Sydney on Saturday is going to prove a key World Cup stepping stone

Whatever about the short-term objectives of winning a Test series in Australia, Saturday’s decider offers Ireland an excellent dry run for a potential World Cup quarter-final in Japan next year.

Sydney on Saturday is going to prove a key World Cup stepping stone

Joe Schmidt’s squad rebounded from their opening loss to the Wallabies in Brisbane with a 26-21 win in Melbourne last Saturday, giving the Allianz Park tiebreaker all the hallmarks of a high-intensity knockout game. Ireland should use this opportunity accordingly to further stress-test the players in such a situation against southern-hemisphere opposition.

In Port Elizabeth two years ago, eight months on from Ireland’s World Cup quarter-final exit at Argentina’s hands, the Irish came up short against the Springboks having landed the opening punch with a historic first victory on South African soil in the opener at Newlands.

Fifteen months out from the next World Cup and now Grand-Slam Six Nations champions ranked second in the world, Ireland can rubber-stamp their credentials as serious contenders for the Webb Ellis Cup by proving in Sydney on Saturday (11am Irish time) that they can close out the deal Down Under.

Forwards coach Simon Easterby does not dispute this final game of the season represents a good World Cup dry run. “Yeah, I guess it offers an opportunity, away from home, with a squad of 31/32 players that we’re together and we’re playing for something special; something that hasn’t been done — when was the last time we won in Australia, 39 years ago?” he said yesterday.

To win a Test series in the southern hemisphere is a difficult thing to do. We know, we found that out in South Africa when we were 1-0 up and we came away with a 2-1 loss. These experiences are great for what will hopefully happen in 15, 16 months’ time.

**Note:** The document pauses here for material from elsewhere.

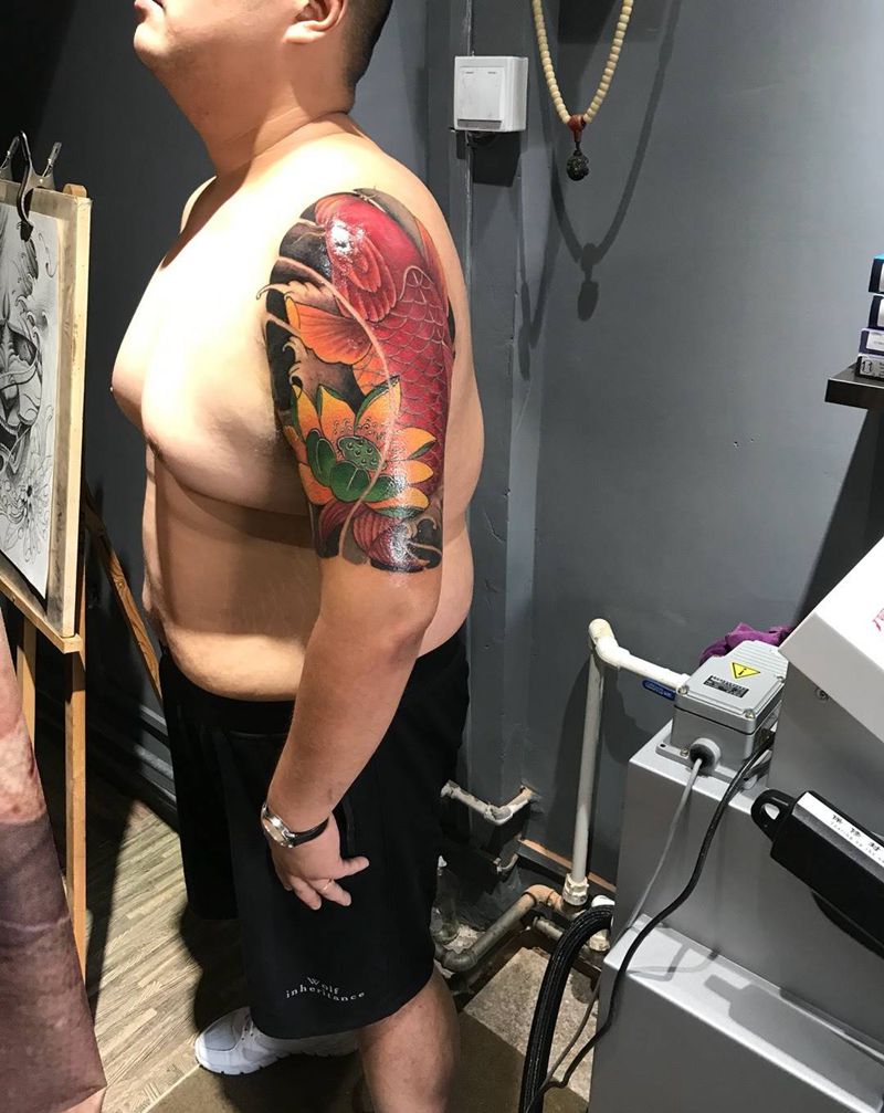 当前位置: 首页 >山东省烟台市纹身店-墨华刺青纹身图案>大臂彩色鲤鱼完成纹身图片

Unlike against the final Test against the Boks, which followed a second-Test loss at altitude in Ellis Park, Johannesburg, this summer’s tourists have momentum going into Saturday’s game, having last weekend won on Australian soil for the first time since 1979 to give them the chance to further emulate that vintage with a series win. All good karma in the preparations for next year and a pool campaign against Scotland, hosts Japan, Russia, and a play-off winner, either Samoa or Germany.

“It certainly adds to the players and adds to their confidence, and TO know that they can come to places like this and win last week after getting beaten the week before,” said Easterby. “And then the challenge is, can we back it up this week?

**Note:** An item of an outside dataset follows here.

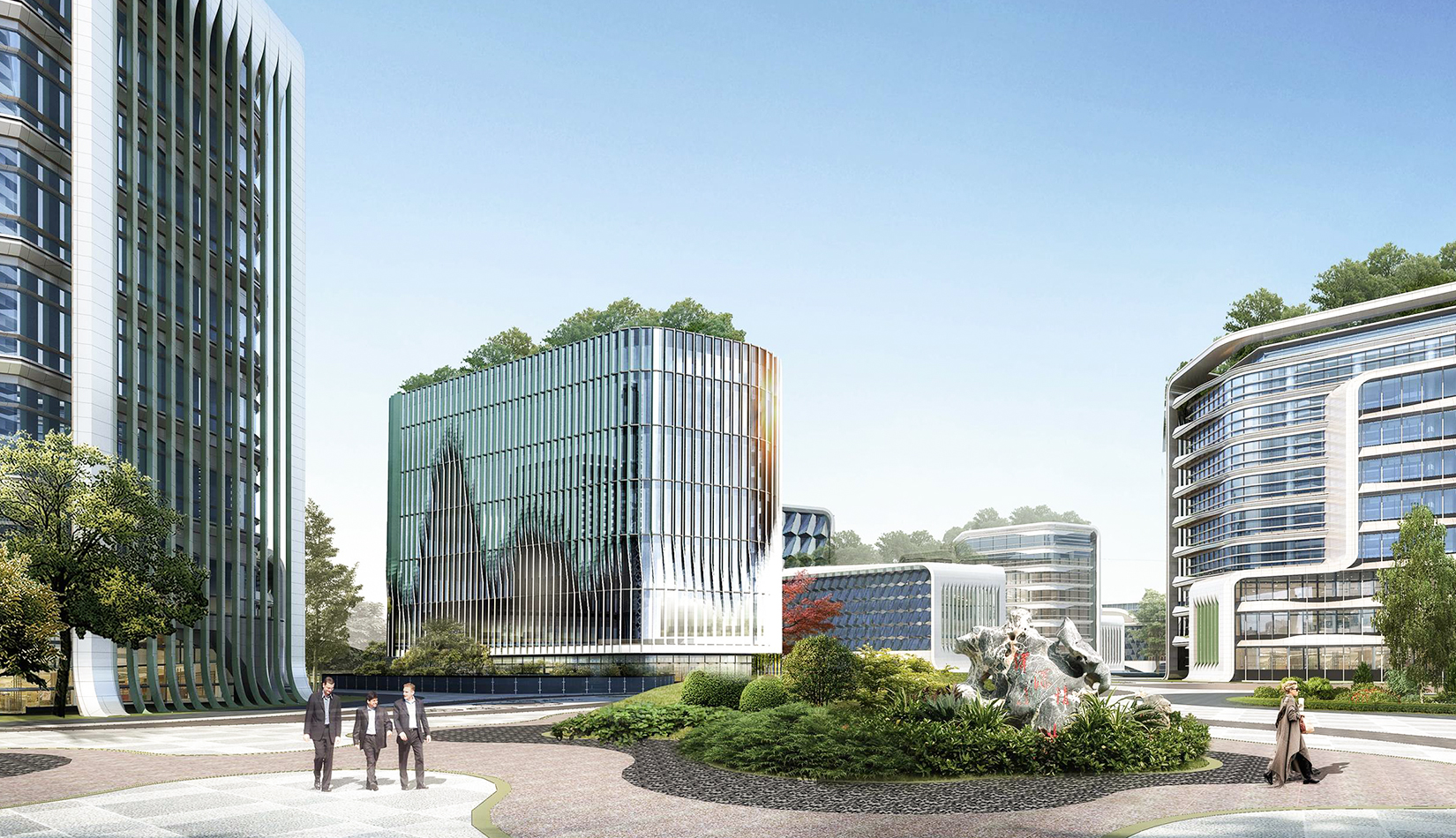 規(guī)劃設(shè)計以“曲水流觴”為理念,空間布局取“曲水流觴”場景精髓,以曲徑通幽的景觀系統(tǒng)作為主軸,以組團(tuán)布局的院士樓為節(jié)點(diǎn),完成整個園區(qū)的規(guī)劃設(shè)計。布局貫穿南北的云游步道,曲徑通幽,步移景異,人在步道上行走,猶如流動的羽觴杯,尋訪院士樓、穿行重重竹林、覓河濱綠地等景致,體會古代曲水流觴之儒風(fēng)雅俗。

“A World Cup is potentially like that, where you might lose one but you’ve still got another chance and then after that it’s knockout rugby and you don’t have a second chance. This week is a great opportunity to do that.

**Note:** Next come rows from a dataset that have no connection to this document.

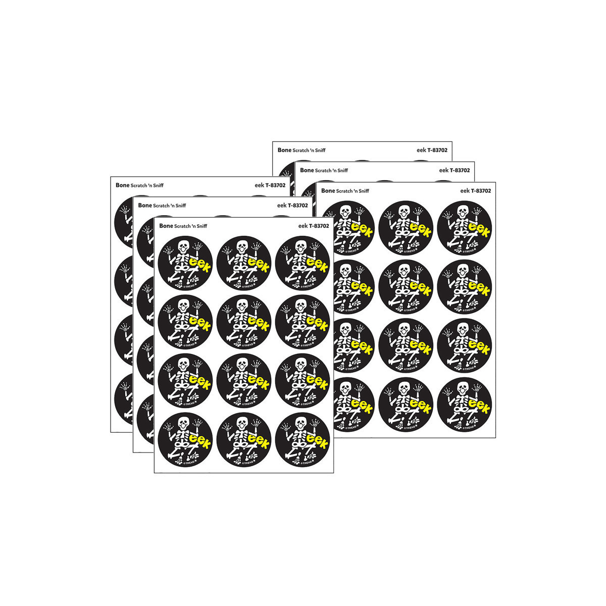 Get a whiff of this eek, bone-scented sticker! TREND Scratch 'n Sniff Stinky Stickers® from the '80s are BACK! Fun to collect, trade, and celebrate accomplishments and special occasions. Collectors will be happy to spot the ˜… to distinguish TREND Retro Stinky Stickers® from those printed in the 1980s. Each sticker 1.25" diameter. Each pack includes 24 stickers on 2 sheets in 1 design. Sold as 6 packs for a total of 144 stickers.
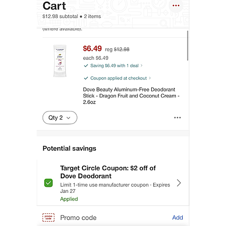 2x Dove Beauty Aluminum-Free Deodorant Stick - Dragon Fruit/ Coconut Cream - 2.6oz $4.49 AC + BOGO Free
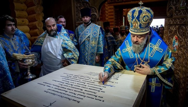 «Деревянный храм был возведен рядом с разрушенным богоборческой властью каменным храмом в честь Казанской иконы Божией Матери. Долгие годы верующие молились в приспособленном помещении – временном храме, посвященном в память о разрушенной святыне. Сегодня, по словам владыки, восстановилась историческая справедливость, и на святом месте в короткие сроки, трудами меценатов и добрых людей воздвигнут новый типовый храм», – отметили в епархиальной пресс-службе.
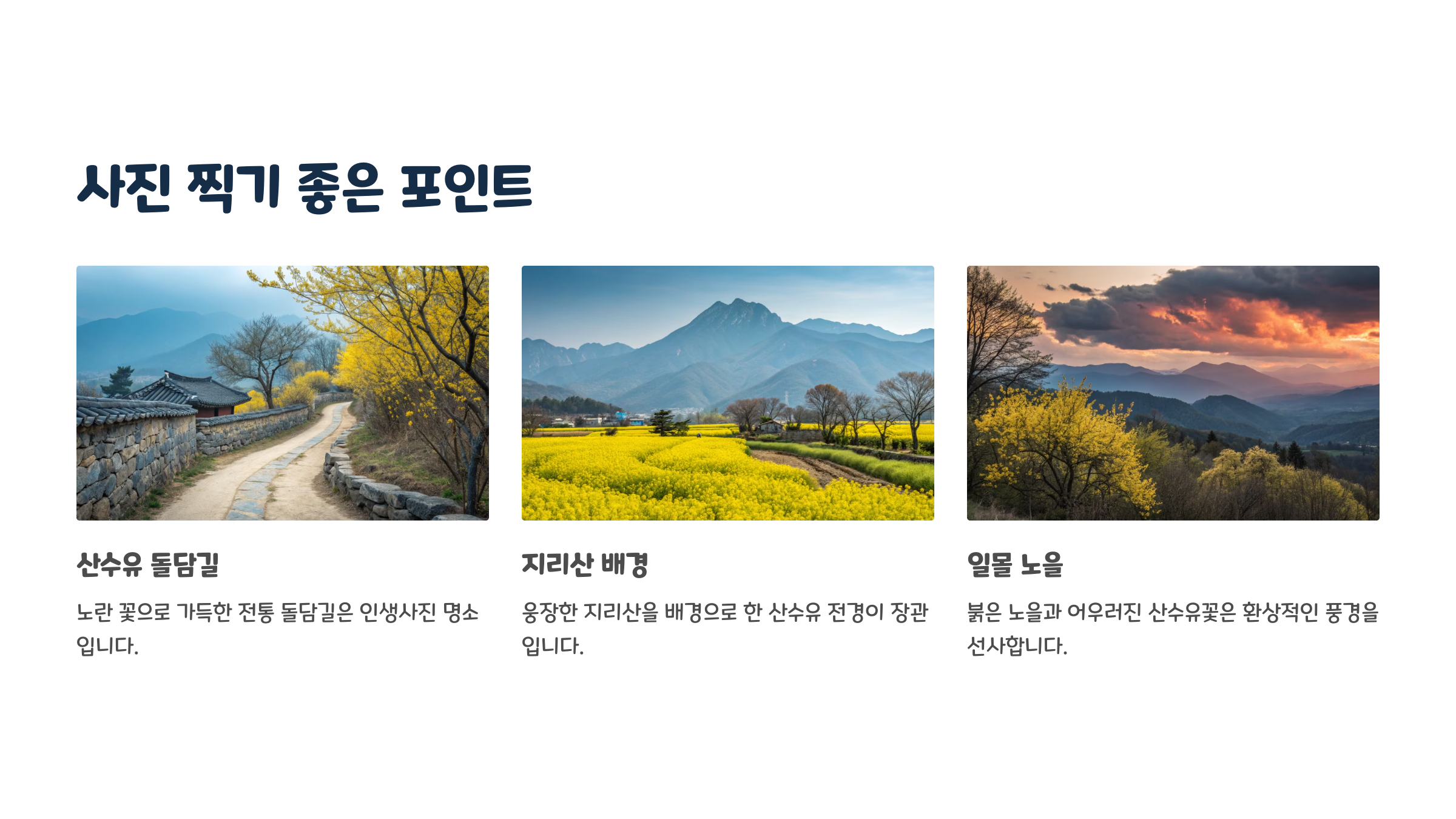 산수유 축제를 여행할 때는 꽃구경만 하지 말고, 주변 명소들도 함께 들러보면 더 알차게 즐길 수 있어요! 구례라면 ‘지리산 온천’, ‘화엄사’, ‘섬진강 자전거길’을 코스로 묶으면 힐링 여행이 완성돼요 🚴

“We knew after the first Test that we had another two chances, and having won last weekend, we want to win the series and we want to step to the next level, then it’s important that we get the performance this weekend.”

Despite a morale-boosting win in Melbourne, Easterby has plenty to work on to get his forwards performing at an even higher level this weekend. The week following the series-opening loss in Brisbane, it was the front row who were determined to right the wrongs of a scrummaging malfunction that changed the course of the game 12 minutes from time at Suncorp Stadium.

This time around, Easterby is dealing with an entire pack stung by conceding a penalty try in the opening half at AAMI Park after getting the runaround by a 26th-minute Wallabies maul.

It makes them pretty angry. I think the disappointment was that we didn’t get some of our key things right in that maul.

“The guys are hurting about that. You’ve got to take it on the chin but you’ve also got an opportunity this weekend to rectify errors.”

Ireland are hoping to tick both boxes this weekend, landing a character-building series win in Australia and strengthening squad depth with further exposure to tier-one, southern-hemisphere opposition. In this regard, the development of Easterby’s options at hooker and in the second row are early contenders as the successes of the tour.

Rob Herring and Niall Scannell have both stepped up to the plate in the absence of injured skipper Rory Best, with successful starts at hooker in the first and second Tests, respectively. At lock, the resources have been boosted by the addition of Munster-bound Tadhg Beirne, who will join the province on his return from Australia after signing from Scarlets.

Add Beirne, 26, to a second-row talent pool that includes James Ryan, Iain Henderson, Quinn Roux, as well as Devin Toner, and Easterby has every reason to be pleased with the way Ireland have coped since the retirement of Paul O’Connell after the last World Cup.

“They’re all guys that can play at a certain level and also step up to the next level. We’ve seen that in James this year and hopefully Tadhg will go back to Munster and start to produce the sort of form he’s produced for the Scarlets for the past couple of years and he becomes a genuine option for us.

He’s been one of the form players, hasn’t he, certainly over the last 12 to 18 months. He’s adapted really well, fitted in seamlessly into the group. He’s a good guy, he’s learning new things and adapting to new strategies and systems but he’s been excellent.

“I think the fact that he’s coming back to Ireland and joining Munster will hopefully allow him to integrate that much quicker into their set-up.”